■ **Directions for this task**
Only the text should come through, so restate the listing exactly and drop its images.

■ **Data**
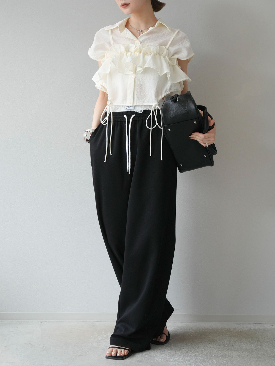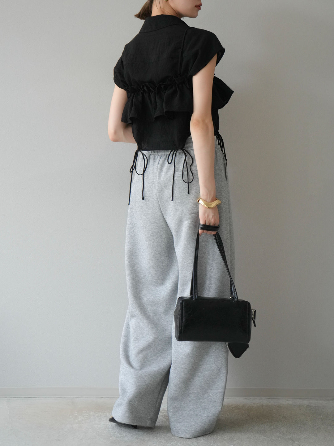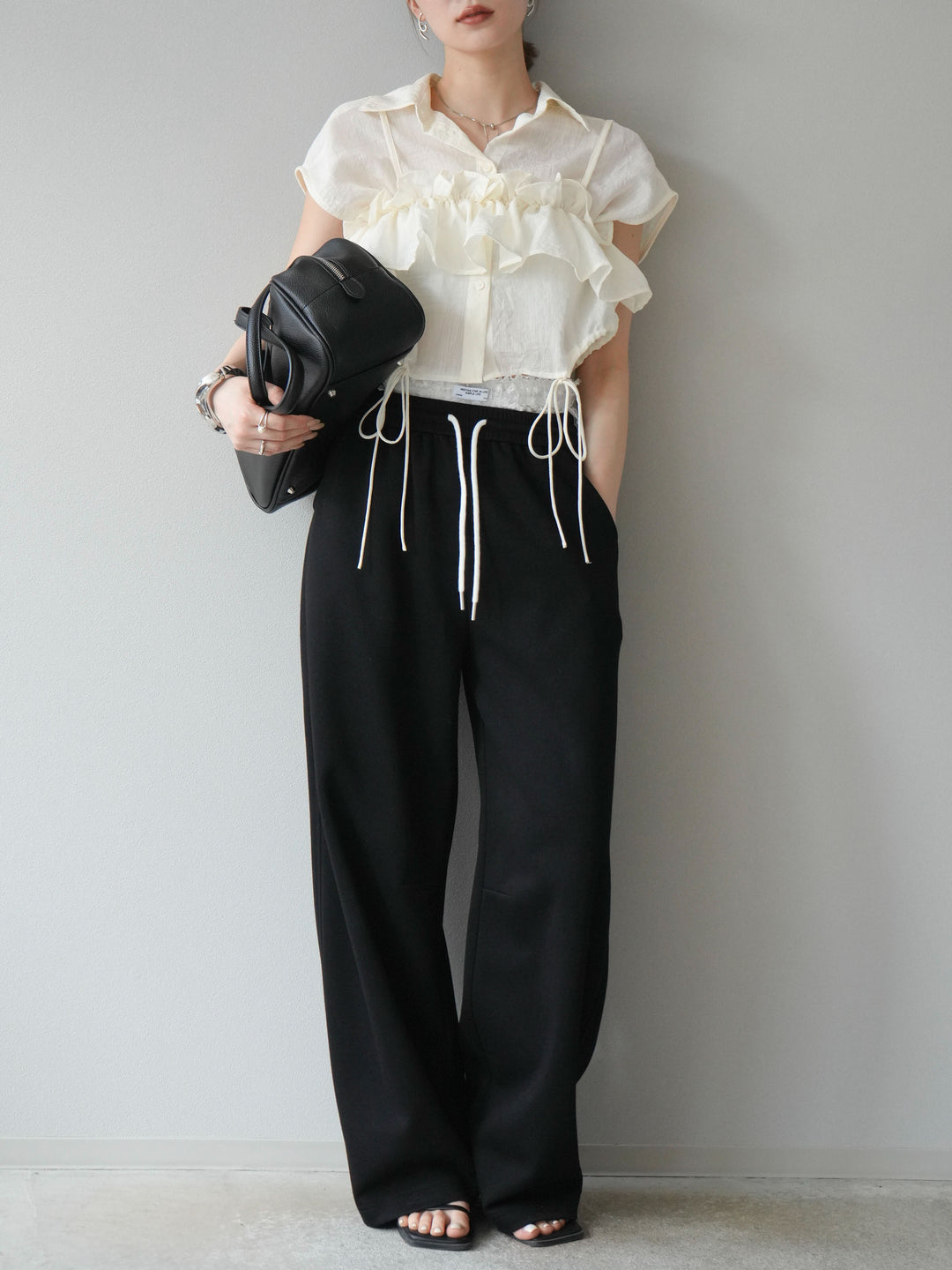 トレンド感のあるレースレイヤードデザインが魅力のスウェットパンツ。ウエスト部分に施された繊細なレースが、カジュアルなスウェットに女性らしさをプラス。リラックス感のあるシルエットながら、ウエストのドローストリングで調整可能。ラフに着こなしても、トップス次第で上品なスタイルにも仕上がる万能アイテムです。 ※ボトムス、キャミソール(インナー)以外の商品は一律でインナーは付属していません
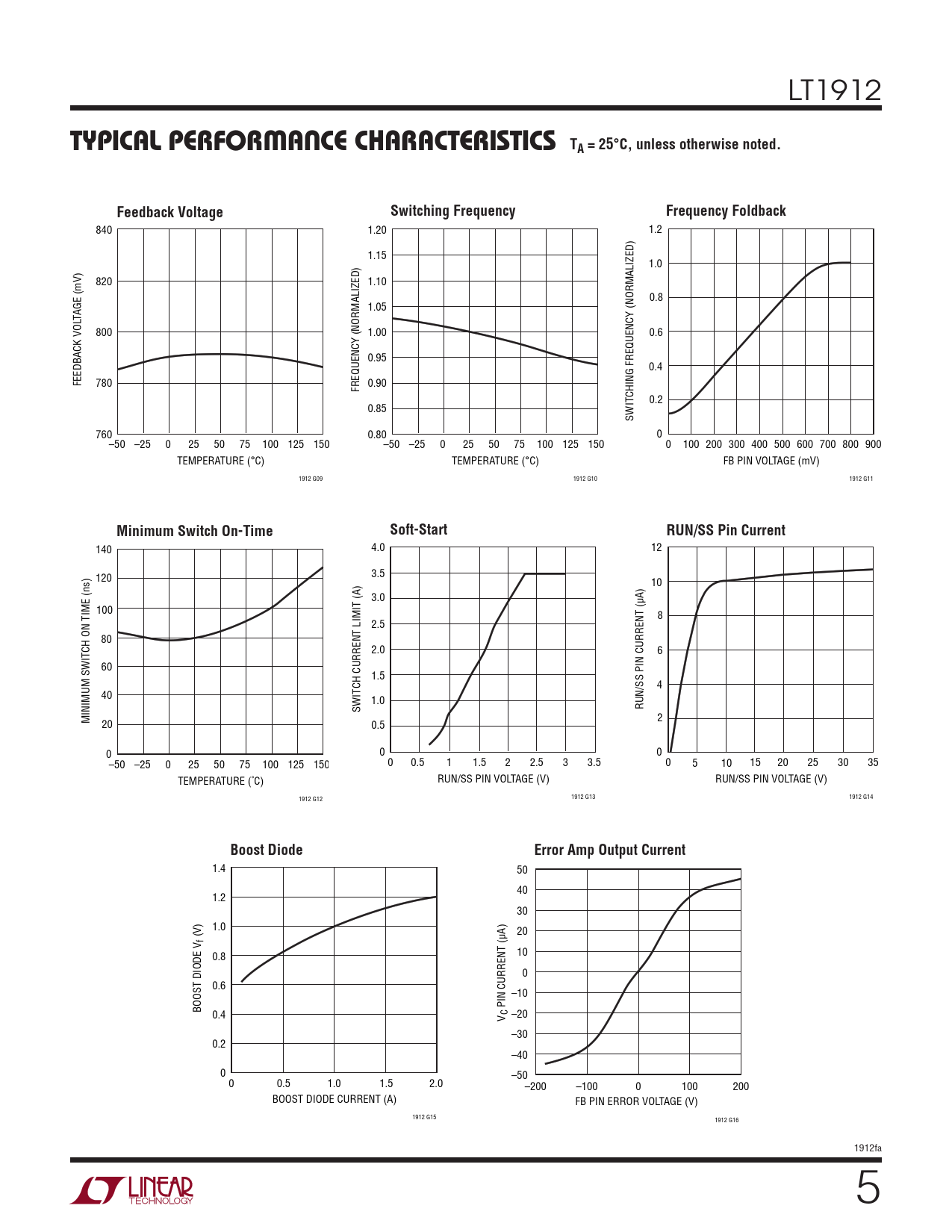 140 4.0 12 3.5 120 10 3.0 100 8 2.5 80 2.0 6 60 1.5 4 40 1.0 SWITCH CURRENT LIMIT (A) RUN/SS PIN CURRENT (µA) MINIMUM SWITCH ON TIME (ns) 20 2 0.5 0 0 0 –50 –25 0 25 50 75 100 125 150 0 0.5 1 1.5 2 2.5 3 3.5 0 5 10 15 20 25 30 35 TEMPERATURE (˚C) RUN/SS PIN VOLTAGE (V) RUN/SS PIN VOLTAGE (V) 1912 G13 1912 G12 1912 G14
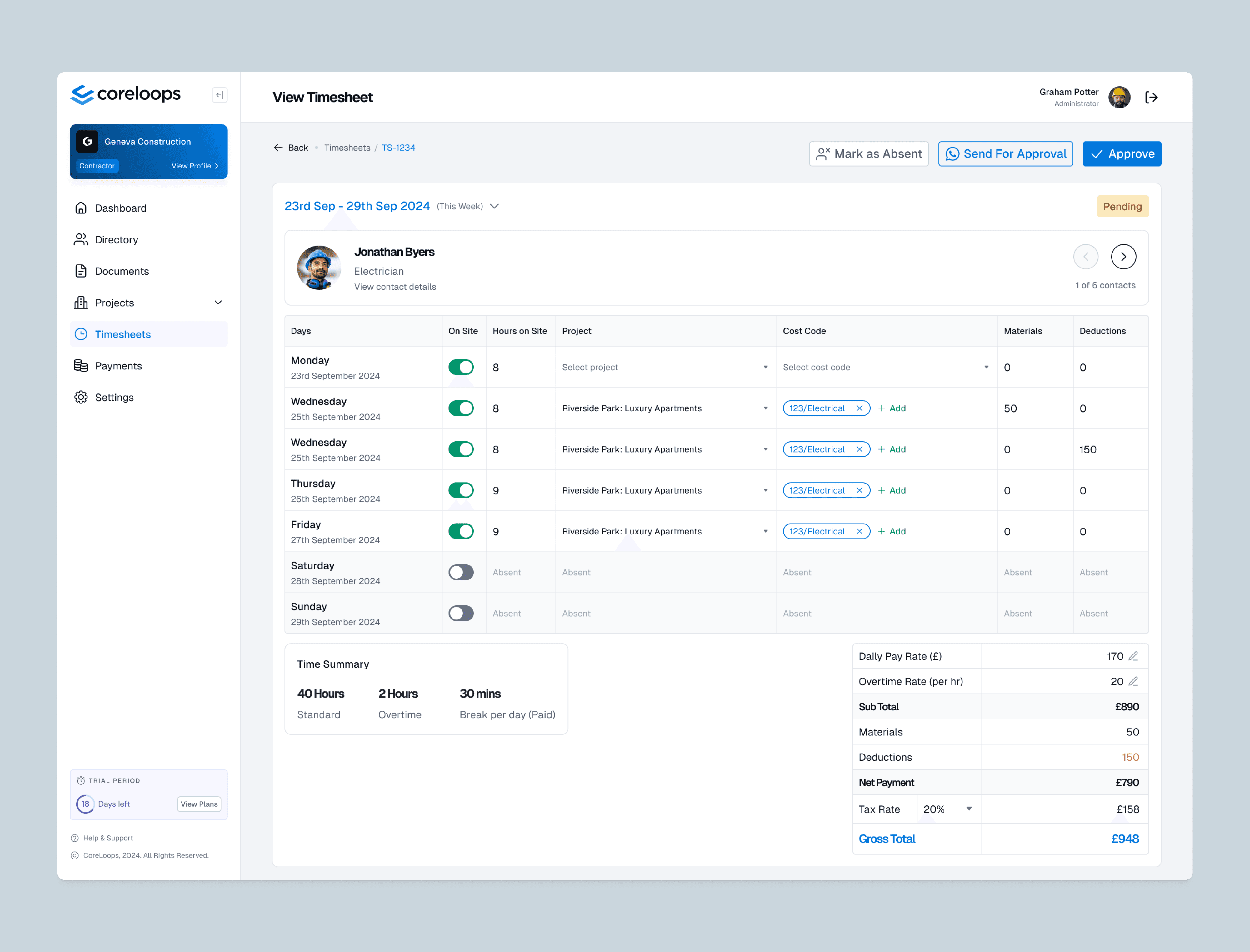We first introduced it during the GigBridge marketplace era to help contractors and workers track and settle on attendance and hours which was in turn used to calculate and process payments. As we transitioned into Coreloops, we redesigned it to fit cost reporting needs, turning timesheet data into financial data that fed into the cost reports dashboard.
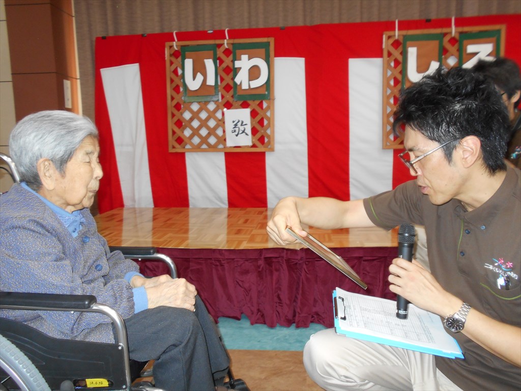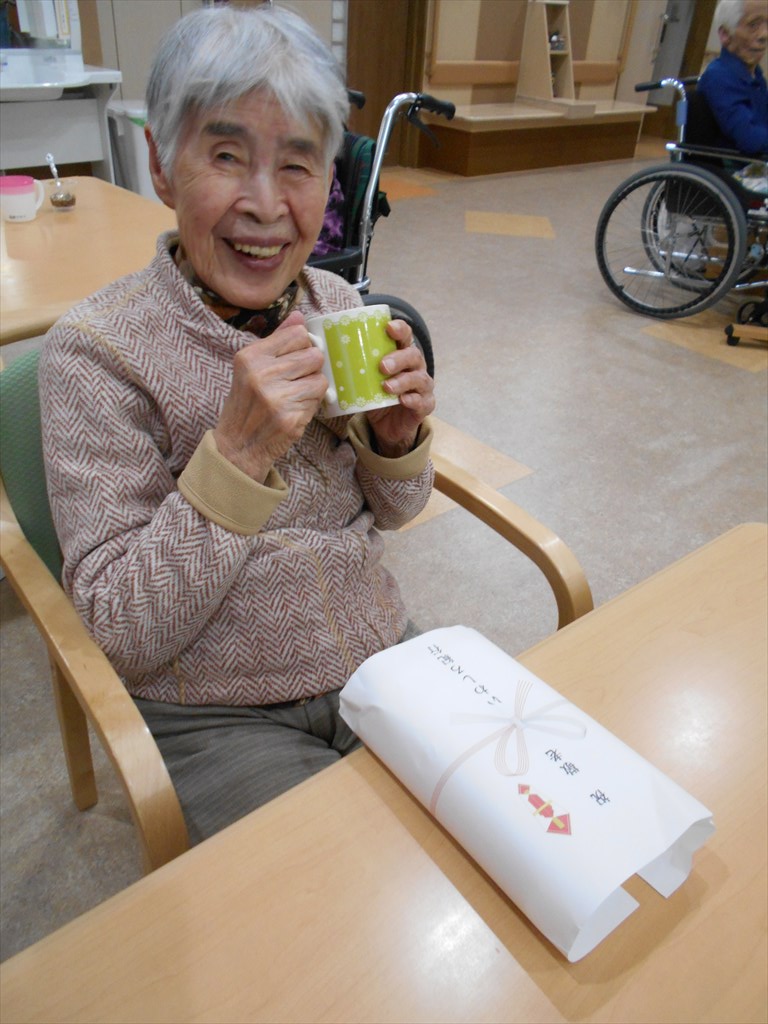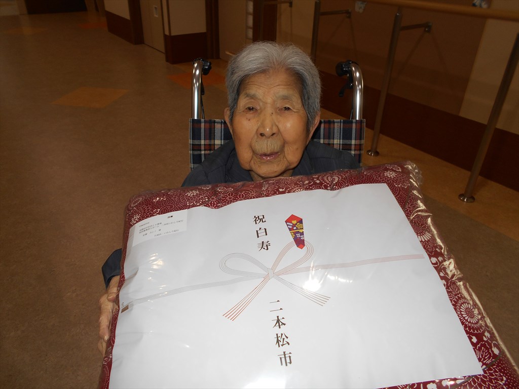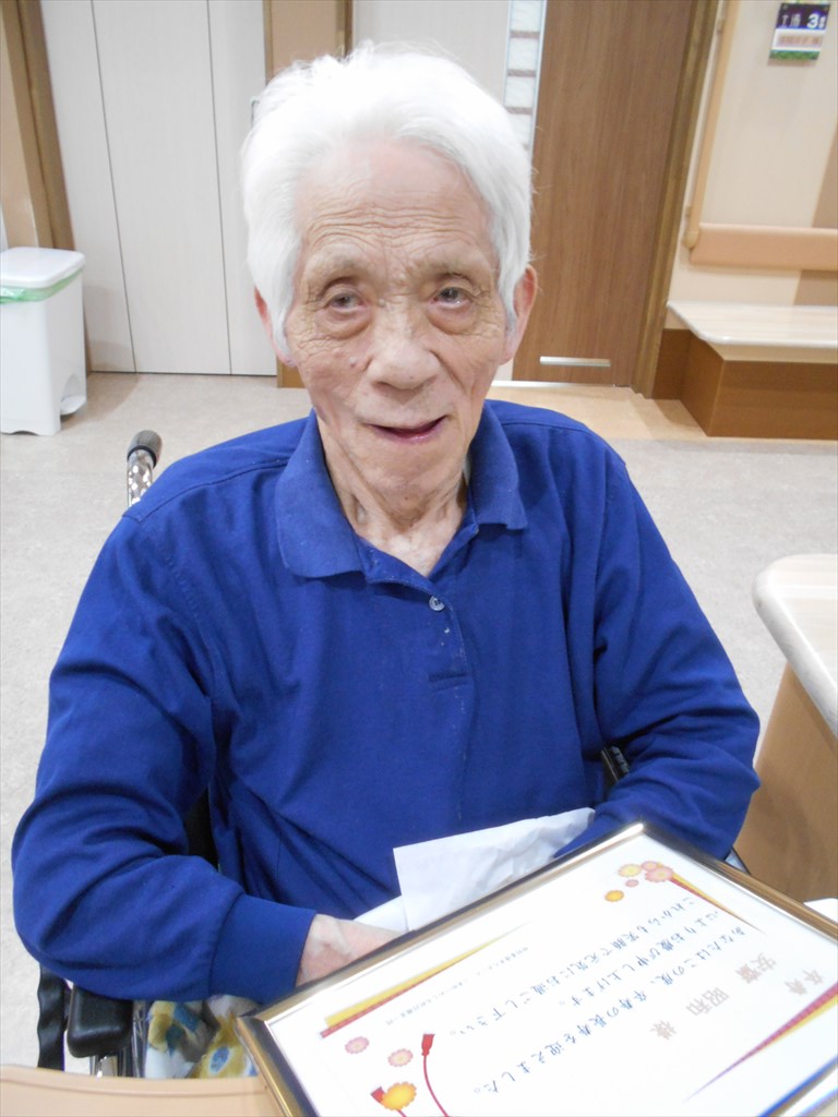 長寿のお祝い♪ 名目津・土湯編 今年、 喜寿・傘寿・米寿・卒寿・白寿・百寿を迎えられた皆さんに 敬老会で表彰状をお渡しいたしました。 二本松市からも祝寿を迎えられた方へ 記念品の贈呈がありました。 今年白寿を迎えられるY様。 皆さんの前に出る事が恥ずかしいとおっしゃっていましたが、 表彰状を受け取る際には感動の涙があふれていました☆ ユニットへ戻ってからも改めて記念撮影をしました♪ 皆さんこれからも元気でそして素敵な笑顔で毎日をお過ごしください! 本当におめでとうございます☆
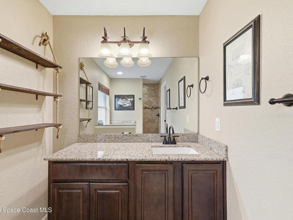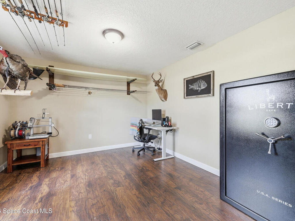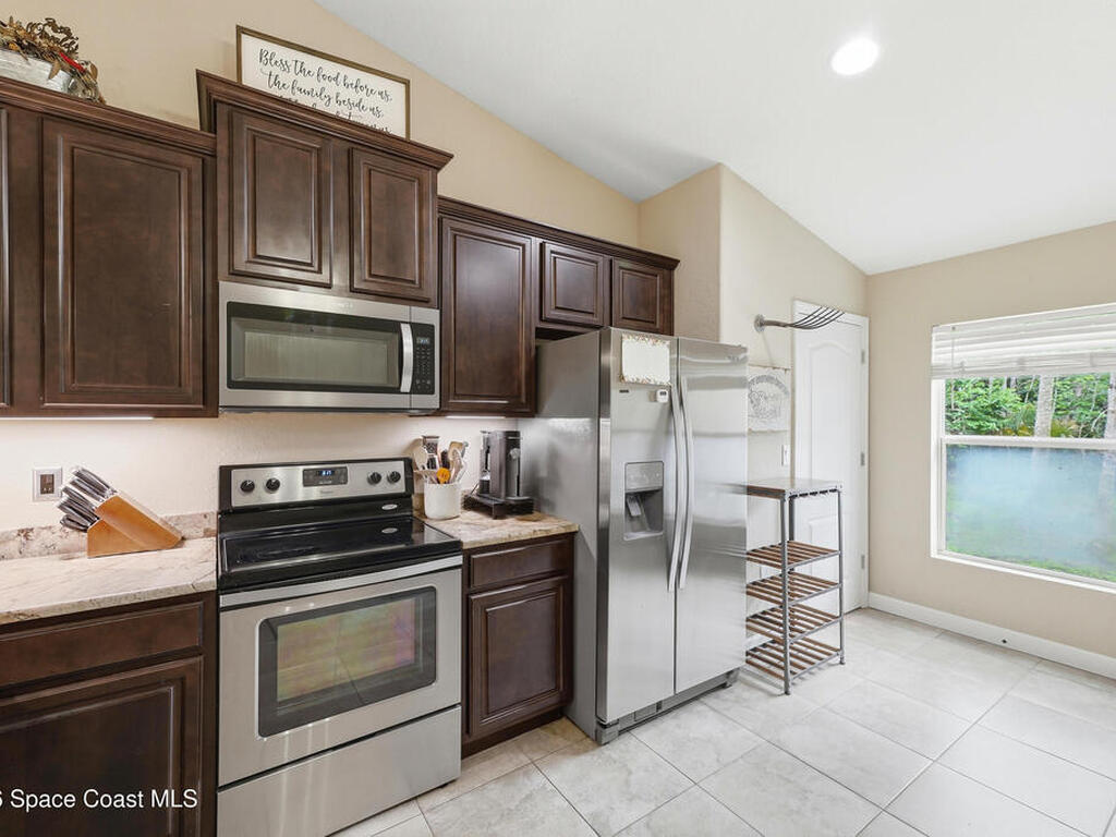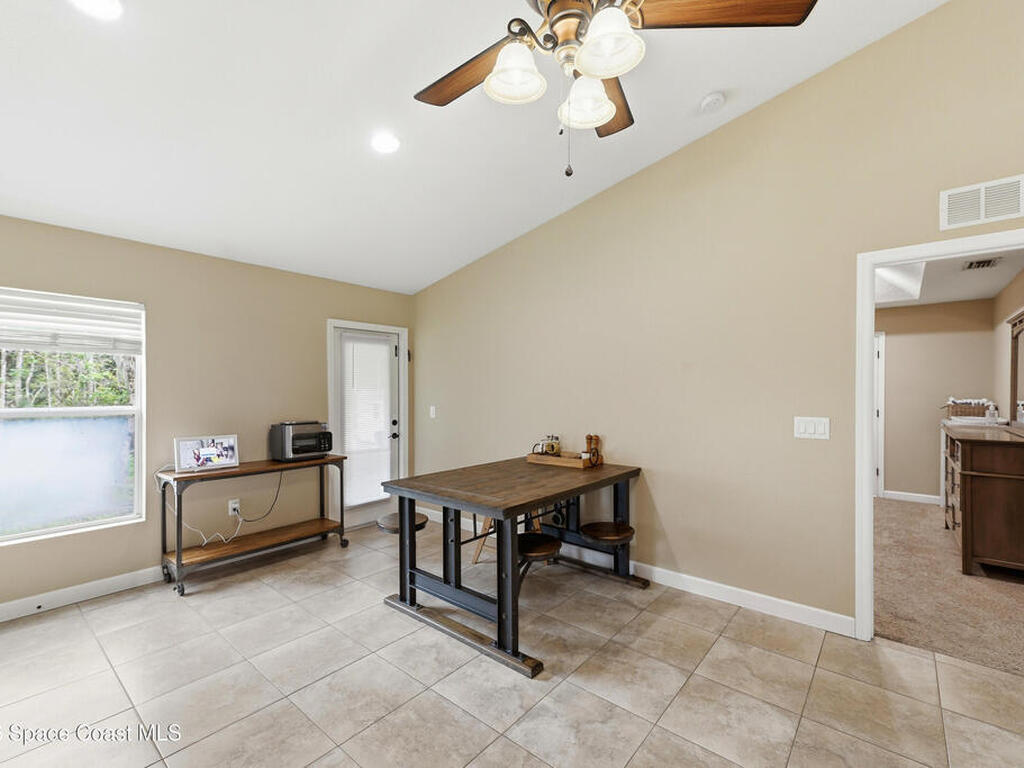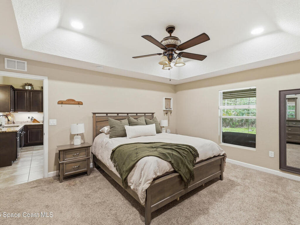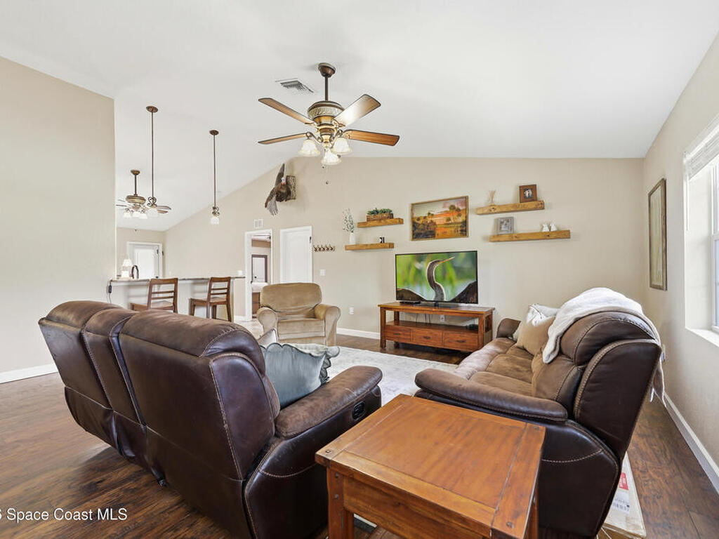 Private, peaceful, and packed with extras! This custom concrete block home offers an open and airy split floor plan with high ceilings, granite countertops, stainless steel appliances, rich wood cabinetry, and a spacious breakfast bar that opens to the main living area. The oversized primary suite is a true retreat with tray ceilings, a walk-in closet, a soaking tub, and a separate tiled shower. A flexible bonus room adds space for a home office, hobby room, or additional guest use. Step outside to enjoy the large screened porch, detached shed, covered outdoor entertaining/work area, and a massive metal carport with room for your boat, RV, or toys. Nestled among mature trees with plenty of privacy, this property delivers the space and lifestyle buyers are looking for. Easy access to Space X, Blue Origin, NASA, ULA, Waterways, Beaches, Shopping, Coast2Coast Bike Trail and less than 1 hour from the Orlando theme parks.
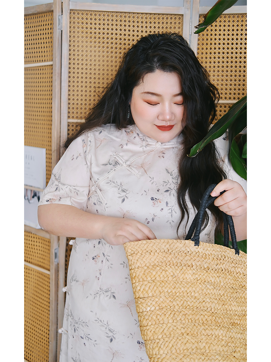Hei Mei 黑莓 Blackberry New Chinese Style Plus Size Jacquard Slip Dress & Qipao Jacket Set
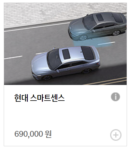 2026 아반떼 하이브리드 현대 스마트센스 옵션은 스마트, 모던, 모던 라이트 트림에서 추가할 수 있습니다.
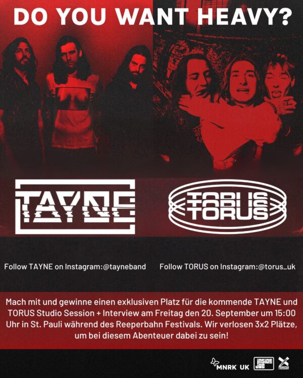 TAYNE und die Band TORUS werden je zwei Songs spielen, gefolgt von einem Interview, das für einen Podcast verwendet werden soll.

■ **Answer to the problem**
 トレンド感のあるレースレイヤードデザインが魅力のスウェットパンツ。ウエスト部分に施された繊細なレースが、カジュアルなスウェットに女性らしさをプラス。リラックス感のあるシルエットながら、ウエストのドローストリングで調整可能。ラフに着こなしても、トップス次第で上品なスタイルにも仕上がる万能アイテムです。 ※ボトムス、キャミソール(インナー)以外の商品は一律でインナーは付属していません
 140 4.0 12 3.5 120 10 3.0 100 8 2.5 80 2.0 6 60 1.5 4 40 1.0 SWITCH CURRENT LIMIT (A) RUN/SS PIN CURRENT (µA) MINIMUM SWITCH ON TIME (ns) 20 2 0.5 0 0 0 –50 –25 0 25 50 75 100 125 150 0 0.5 1 1.5 2 2.5 3 3.5 0 5 10 15 20 25 30 35 TEMPERATURE (˚C) RUN/SS PIN VOLTAGE (V) RUN/SS PIN VOLTAGE (V) 1912 G13 1912 G12 1912 G14
We first introduced it during the GigBridge marketplace era to help contractors and workers track and settle on attendance and hours which was in turn used to calculate and process payments. As we transitioned into Coreloops, we redesigned it to fit cost reporting needs, turning timesheet data into financial data that fed into the cost reports dashboard.
 長寿のお祝い♪ 名目津・土湯編 今年、 喜寿・傘寿・米寿・卒寿・白寿・百寿を迎えられた皆さんに 敬老会で表彰状をお渡しいたしました。 二本松市からも祝寿を迎えられた方へ 記念品の贈呈がありました。 今年白寿を迎えられるY様。 皆さんの前に出る事が恥ずかしいとおっしゃっていましたが、 表彰状を受け取る際には感動の涙があふれていました☆ ユニットへ戻ってからも改めて記念撮影をしました♪ 皆さんこれからも元気でそして素敵な笑顔で毎日をお過ごしください! 本当におめでとうございます☆
 Private, peaceful, and packed with extras! This custom concrete block home offers an open and airy split floor plan with high ceilings, granite countertops, stainless steel appliances, rich wood cabinetry, and a spacious breakfast bar that opens to the main living area. The oversized primary suite is a true retreat with tray ceilings, a walk-in closet, a soaking tub, and a separate tiled shower. A flexible bonus room adds space for a home office, hobby room, or additional guest use. Step outside to enjoy the large screened porch, detached shed, covered outdoor entertaining/work area, and a massive metal carport with room for your boat, RV, or toys. Nestled among mature trees with plenty of privacy, this property delivers the space and lifestyle buyers are looking for. Easy access to Space X, Blue Origin, NASA, ULA, Waterways, Beaches, Shopping, Coast2Coast Bike Trail and less than 1 hour from the Orlando theme parks.
Hei Mei 黑莓 Blackberry New Chinese Style Plus Size Jacquard Slip Dress & Qipao Jacket Set
 2026 아반떼 하이브리드 현대 스마트센스 옵션은 스마트, 모던, 모던 라이트 트림에서 추가할 수 있습니다.
 TAYNE und die Band TORUS werden je zwei Songs spielen, gefolgt von einem Interview, das für einen Podcast verwendet werden soll.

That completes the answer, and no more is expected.